Though there is no hard evidence of such a network yet, but there are enough pointers that Bangalore is a springboard for organised terrorism against targets in and outside the country, said an official. Considering the gravity of the situation, no official is prepared to comment.

The police in India and the UK, meanwhile, have begun informal communications through the Intelligence Bureau. Details of interrogation of the suspects — Sabeel Ahmed and his brother, Kafeel Ahmed in England, and Mohammed Haneef in Australia — and the questioning of their families and friends in Bangalore, are being compared. The exchange of notes is, however, being officially denied.

Though the families have rubbished any link of their kin with militant outfits, the police have information to suggest that Haneef had links with the Students Islamic Movement of India (SIMI), while he was a student in Bangalore. Those, who recruited him into SIMI, went underground after the organisation was banned in 2001.

Police and intelligence personnel are investigating Sabeel and Kafeel’s possible links to militant outfits like the Lashkar-e-Toiba and Jaish-e-Mohammed. Reportedly, both the organisations along with the ISI and the Al Qaeda have established footprints in south India.

Investigators are mostly concentrating on Sabeel’s acquaintances, a doctor who graduated from the same college in Bangalore   as Haneef, and Kafeel, an engineer. Police believe that Kafeel organised a meeting last year to sympathise with the Muslims of Chechnya.

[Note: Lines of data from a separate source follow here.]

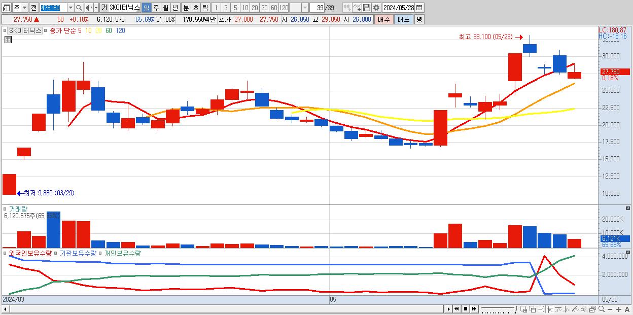 - SK이터닉스 (27,750원 ▲ 0.18% , 시총: 7,769억, 거래량: 6,120,575, 거래대금:1,706억)
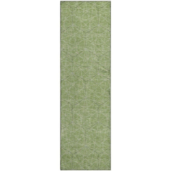 Mayfield Premium Machine Washable Abstract AMF987 Green 2 ft. 3 in. x 7 ft. 6 in. Runner Rug
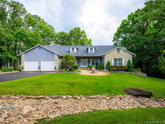 Gorgeous and spacious home, sits on 4 acres in the heart of Osage Beach. You will love all the room this 5400 square feet home and property has to offer. Features include 2 full kitchens, 4 bedrooms, 5 baths, granite tops in kitchen and bathrooms, formal dining room, 2 large native stone fireplaces, jetted tub, tons of cabinet and storage. Large media/theater room is perfect for entertaining the entire family. Game room separated by fireplace from large family room on the lower level. Fantastic sunroom with large deck from main level. Stamped concrete patio on lower level. 2 car garage. Automatic irrigation for the perfectly landscaped lawn and flowers. Community pool is just down from back yard of home . Complete package includes 10 x 28 boat slip in community dock. Come see this home today and prepare to be impressed!

Their possible link with Ejaj Ahmed, a Pakistani with known terrorist connections, who came to India some years ago and disappeared, is also being investigated.

It is clear that the indoctrination of trio into fundamentalism began during their student days. But who and at point of time they were recruited into active militancy is not clear.

According to some, both Sabeel and Kafeel became radical Muslims after they associated themselves with a certain Muslim sect while they were in India.

Afsar Ali, the president of a local mosque, said the boys once created an unproar by saying they should follow Islam the way it was followed in Saudi Arabia.